The case of Corey Maples provides a disturbing look at the death penalty system in the United States and underscores how even people facing execution are often not represented by adequate counsel at any stage of the criminal process. In Maples's case, the attorneys assigned to represent his appeals quit midway through the process, and yet the state of Alabama blamed Maples for his failure to comply with procedural requirements he had no way of fulfilling. Yesterday, the Supreme Court corrected this obvious mistake by ruling that Maples had a right to appeal in a 7-to-2 decision. But this case will leave the pervasive problem of bad legal representation in our criminal justice system essentially untouched.
The issues that Maples had in finding adequate representation did not start with the appeal that led to the Supreme Court taking up his case.

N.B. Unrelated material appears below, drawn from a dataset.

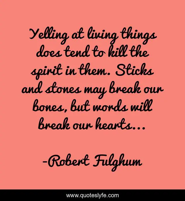 This page presents the quote "Yelling at living things does tend to kill the spirit in them. Sticks and stones may break our bones, but words will break our hearts...". Author of this quote is Robert Fulghum. .

As the Court pointed out, "[a]t trial, he was represented by two appointed lawyers, minimally paid and with scant experience in capital cases." When Maples appealed his conviction, things got Kafkaesque. The lawyers who had been representing Maples pro bono left the law firm of Sullivan & Cromwell, and nobody else was assigned to take over his case. The state of Alabama sent a letter to the firm telling Maples that his first appeal had been denied but, since his lawyers had left, the notice was returned unopened. The state, it should be noted, made no effort to resend the document. At this point, Alabama denied Maples's subsequent appeal because he missed the deadline to file even though he had no way of knowing that the clock was running. Maples appealed, arguing that he could not be blamed for the missed deadline since his lawyers (both the two with the national firm and his local lawyer) had abandoned his case. But an 11th Circuit panel rejected his claim in a two-to-one decision. He appealed to the Supreme Court, where Alabama's failure to waive the deadline earned the scorn of even some of the Court's conservative members.

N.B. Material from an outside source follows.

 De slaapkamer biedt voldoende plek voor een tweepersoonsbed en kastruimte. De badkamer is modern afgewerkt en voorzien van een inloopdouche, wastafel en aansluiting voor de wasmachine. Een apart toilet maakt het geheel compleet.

Remarkably, the Court's decision was not unanimous, with Justice Antonin Scalia and Clarence Thomas dissenting. In his opinion, Scalia argues that Maples was, in fact, being represented by legal counsel during the appeals process because other lawyers at the firm had helped with the pro bono case. The theoretical possibility that someone at Sullivan & Cromwell was still secretly working on Maples's case cannot be taken seriously. The most disturbing part of Scalia's dissent, however, is his argument that the Court's decision "invites future evisceration of the principle that defendants are responsible for the mistakes of their attorneys." Scalia seems to take for granted that reconsidering penalties against defendants for their poor legal representation would be a bad thing. Writing for the majority, Justice Ruth Bader Ginsburg found that Maples's failure to meet the deadline was legally excusable. "A client cannot be charged with the acts or omissions of an attorney who has abandoned him," she wrote.
Surely the right to counsel guaranteed by the Sixth Amendment entails more than being nominally represented by someone who has passed a bar exam somewhere. But Scalia's defense of the "right" of the state of Alabama to put people to death (even if they've never been represented by counsel competent enough or with the necessary resources to properly try a death penalty case) brings up another disturbing precedent set in the 1991 case, Coleman v. Thompson. According to the decision, if Maples's lawyers missed a deadline because of gross negligence rather than outright abandonment, Maples would have had no legal recourse. The Coleman decision was, as Justice Harry Blackmun wrote in dissent, an example of the Court creating a "Byzantine morass of arbitrary, unnecessary, and unjustifiable impediments to the vindication of federal rights." In essence, Maples won the right to appeal because the Court recognized that he was at least entitled to legal representation. But had his lawyers just shown up, and done very little else, he would've been out of luck. Since the Court's opinion leaves the Coleman decision undisturbed, it's unlikely that the Maples case will have much impact going forward.
I do not mean to suggest that Corey Maples is an innocent victim; he is almost certainly guilty of the terrible crimes for which he was convicted. But whether he would have received the death penalty given decent counsel is another question. The fact that Alabama was able to get only the minimum 10 out of 12 jury votes necessary for a death sentence under the state's procedures strongly suggests that it would have not obtained a death penalty if Maples had received better counsel. This kind of arbitrary application of the death penalty is a serious problem. Defending the inadequate-to-nonexistent counsel that Maples was given throughout the process will ensure that innocent people will be convicted as well. Studies have shown that, even in capital cases, defendants are often represented by lawyers who lack experience with felony cases and the resources to defend clients properly. One study found that "nearly one in four condemned inmates has been represented at trial or on appeal by court-appointed attorneys who have been disciplined for professional misconduct at some point in their careers." The Court finally gave Maples the appeal he was unfairly denied-but did nothing to solve the broader problems that the majority opinion compellingly identifies.